* **What you have to do**
Transcribe all of the data exactly. Images stay out.
Collected data section start
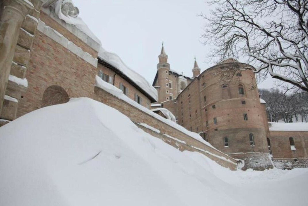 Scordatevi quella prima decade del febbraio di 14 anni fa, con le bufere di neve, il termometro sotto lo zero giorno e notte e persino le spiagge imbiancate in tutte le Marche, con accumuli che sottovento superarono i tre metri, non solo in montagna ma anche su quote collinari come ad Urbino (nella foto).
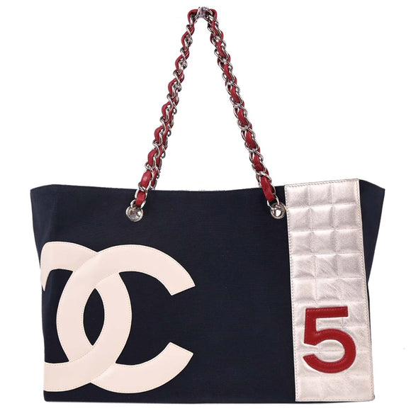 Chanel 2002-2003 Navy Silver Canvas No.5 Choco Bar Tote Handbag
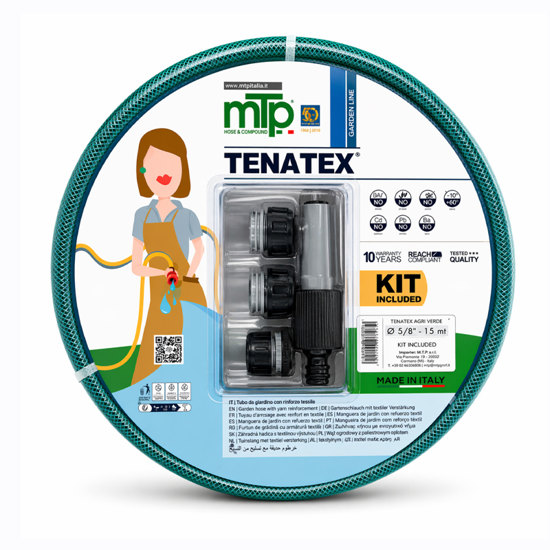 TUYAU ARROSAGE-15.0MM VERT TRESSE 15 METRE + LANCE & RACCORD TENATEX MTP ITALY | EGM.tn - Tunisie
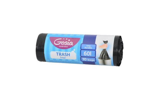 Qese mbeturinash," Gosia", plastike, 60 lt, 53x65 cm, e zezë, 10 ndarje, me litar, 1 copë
Collected data section end
* **Response area**
 Scordatevi quella prima decade del febbraio di 14 anni fa, con le bufere di neve, il termometro sotto lo zero giorno e notte e persino le spiagge imbiancate in tutte le Marche, con accumuli che sottovento superarono i tre metri, non solo in montagna ma anche su quote collinari come ad Urbino (nella foto).
 Chanel 2002-2003 Navy Silver Canvas No.5 Choco Bar Tote Handbag
 TUYAU ARROSAGE-15.0MM VERT TRESSE 15 METRE + LANCE & RACCORD TENATEX MTP ITALY | EGM.tn - Tunisie
 Qese mbeturinash," Gosia", plastike, 60 lt, 53x65 cm, e zezë, 10 ndarje, me litar, 1 copë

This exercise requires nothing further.